Adaption is any alteration in the structure or performance of a creature that makes it more appropriate to its immediate environment (Keller et al., 2009). Every creature is adapted to an environment in its own unique way. It is through adaptation that living things can live in diverse environments. By means of natural selection, animals and plants have managed to evolve by the process of adaptation.
Through adaptation, organism’s traits deemed healthy are passed over to the next generation by natural selection. Through this process, nature allows those organisms that possess healthy traits to survive while eliminating those with undesirable qualities. Among these organisms are the giraffes. The giraffes have been able to adapt to overpopulation that result in limited strategic resources (Keller et al., 2009).
Several theories have been developed to explain how the giraffe’s neck evolved. Among these theories are the Lamarck theory and Darwin’s theory (Hodge, 2008). In Lamarck’s view, the ancestors of the modern giraffes were like the modern antelopes and gazelles. Faced by competition for food, the giraffes needed to adapt to browsing the leaves on top of trees.
Because of the constant strain to reach these leaves, the giraffe’s neck stretched overtime resulting in its modification to fit the changing environment (Hodge, 2008). Thus, the Lamarckian theory affirms that the giraffe’s long neck resulted from the constant stretching in the attempt to access the higher foliage.
The Lamarckian theory asserts that the long-necked giraffes with time faced out the short-necked giraffes as they got less food. The lack of fossils to substantiate the Lamarckian theory has led to the adoption of the Darwin’s theory (Hodge, 2008).
Darwin’s theory asserts that the giraffes long physique and stretched out neck were adapted for browsing on higher tree branches (Darwin et al., 1996). Due to competition from other hoofed animals inhabiting the savannahs, the giraffes became better adapted during the dry seasons when the foliage supply is less.

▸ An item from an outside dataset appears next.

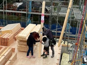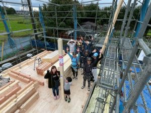 作業前にはお施主様(奥様とお子様)にお越し頂き1本目の柱建てを行いました😊

Similarly, Darwin’s theory argues that the giraffes consisted of the long necked and short-necked giraffes.
Darwin suggested that through natural selection, the short-necked giraffes faced a lot of competition from hoofed grazers while the long-necked giraffes face little or no competition. By reaching the taller trees, the long-necked giraffes maintained a good nutrition resulting in healthier offspring. On the other hand, the short-necked giraffes gave birth to unhealthy offspring, and in the end due to lack of food and increased competition died leaving the long-necked giraffes to dominate (Darwin et al., 1996).
Currently, within any population of giraffes, their height varies. Therefore, adaptation can still affect such populations since when food is adequate, the giraffes have no problem, but in case of pressure in their strategic resource like in times of drought, foliage will be scarce. During such times, the long-necked giraffes will have a higher percentage of survival and reproduction unlike the short-necked giraffes (Hodge, 2008).
In this regard, natural selection will favor the long-necked giraffes more than the short-necked giraffes. Giraffes can be said to be better adapted to their environment than other hoofed animals that compete for the same resources. The giraffe’s elongated neck allows them to access higher foliage unreached by their competitors.
Thus, during drought, when foliage and grass become scarce, giraffes’ competitors will be adversely affected whereas the giraffes will have little or no competition allowing them to live on to the next season as their competitors survival rate is reduced by the lack of strategic resources (Hodge 2008).
References
Darwin, C., Glick, T. F., & Kohn, D. (1996). On evolution: the development of the theory of natural selection. Indianapolis, IN: Hackett Pub..
Hodge, M. J. (2008). Before and after Darwin: origins, species, cosmogonies, an ontologies. Aldershot: Ashgate.
Keller, M., Fuller, N. R., & Darwin, C. (2009). Charles Darwin’s On the origin of species:a graphic adaptation. New York, NY: Rodale.